Wer den derzeitigen öffentlichen Diskurs verfolgt, erhält unweigerlich den Eindruck, unsere Gesellschaft stehe vor einem riesigen Haufen unlösbarer Probleme: von Zustand und Zukunft unserer Wirtschaft über die Frage nach Wohlstand und sozialer Gerechtigkeit bis hin zu unserem Umgang mit endlichen Ressourcen und dem Klimawandel. Es ist ein weites Feld, das es zu bestellen gilt, keine Frage. Doch die Stoßrichtung und die Art und Weise, wie diese Themen diskutiert werden, verkennen eine wichtige Tatsache: Viele gute, zukunftsfähige Lösungen existieren in unserer Gesellschaft bereits. Es ist höchste Zeit, sie in den Mittelpunkt der Diskussion zu rücken – und schnell zu skalieren.

In den vergangenen Jahrzehnten haben wir Wirtschaft, Umwelt und Soziales in eng abgesteckten Silos behandelt – in der Politik, aber auch in Unternehmen und in der Öffentlichkeit. CDU und FDP waren die Parteien mit Wirtschaftsschwerpunkt, die Grünen haben Umweltpolitik gemacht, und die SPD hat sich um soziale Belange gekümmert. Jedes Ministerium kochte sein eigenes Süppchen. Innerhalb der Silos wurde fleißig weiter unterteilt, auch in Sachen Umwelt- und Ressourcenschutz. Das führte dazu, dass wir selbst so eng miteinander zusammenhängende Themenkomplexe wie den Klimawandel und unseren Umgang mit endlichen Ressourcen getrennt betrachtet und reguliert haben. Mit dem Ergebnis, dass viele spitz zugeschnittene Strategien ungewollte, weil nicht mitgedachte, Auswirkungen auf damit vermeintlich unabhängige, andere Bereiche hatten.

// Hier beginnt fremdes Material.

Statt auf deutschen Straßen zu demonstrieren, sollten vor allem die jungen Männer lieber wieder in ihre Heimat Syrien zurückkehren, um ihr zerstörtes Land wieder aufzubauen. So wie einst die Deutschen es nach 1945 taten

Ein Beispiel dafür ist die Förderung von energetischen Sanierungsvorhaben, um den Energiebedarf des Bestands zu senken. Eigentlich eine gute Idee, doch es sind dabei nach wie vor Dämmstoffe zugelassen, die nach ihrer Nutzung unweigerlich zu Sondermüll werden, da sie nicht kreislauffähig sind. Ihre letzte Station kann daher nur die Verbrennung sein, wodurch nicht nur wertvolle Rohstoffe zerstört werden, sondern zusätzlich noch teilweise giftige Emissionen entstehen.

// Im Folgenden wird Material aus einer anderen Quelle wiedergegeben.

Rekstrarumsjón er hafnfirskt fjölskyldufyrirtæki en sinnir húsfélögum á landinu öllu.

Weniger schädlich ist nicht genug

Wirklich zukunftsfähige Lösungen sind jedoch ganzheitlich und haben positive Auswirkungen auf die unterschiedlichsten Bereiche unserer Gesellschaft. Von der Wiege zur Wiege – also Cradle to Cradle (C2C) – zu denken, macht langfristig wertsteigerndes wirtschaftliches Handeln möglich, das weder Mensch noch Umwelt schadet. Mit Cradle to Cradle sehen wir uns Menschen als potentielle Nützlinge, die in der Lage sind, durch ihr Handeln positive Auswirkungen für Mensch und Umwelt zu schaffen. Um diesen Effekt zu erreichen, müssen wir uns von unseren heutigen linearen Strukturen und den damit verbundenen Zielen verabschieden. Es reicht nicht aus, die Umwelt durch unser Handeln etwas weniger stark zu verschmutzen, etwas weniger CO₂ in die Atmosphäre zu emittieren, unserer eigenen Gesundheit etwas weniger zu schaden und etwas weniger Müll zu produzieren. Stattdessen brauchen wir Produkte und Prozesse, die einen wirklichen Zusatznutzen für unsere Gesellschaft haben.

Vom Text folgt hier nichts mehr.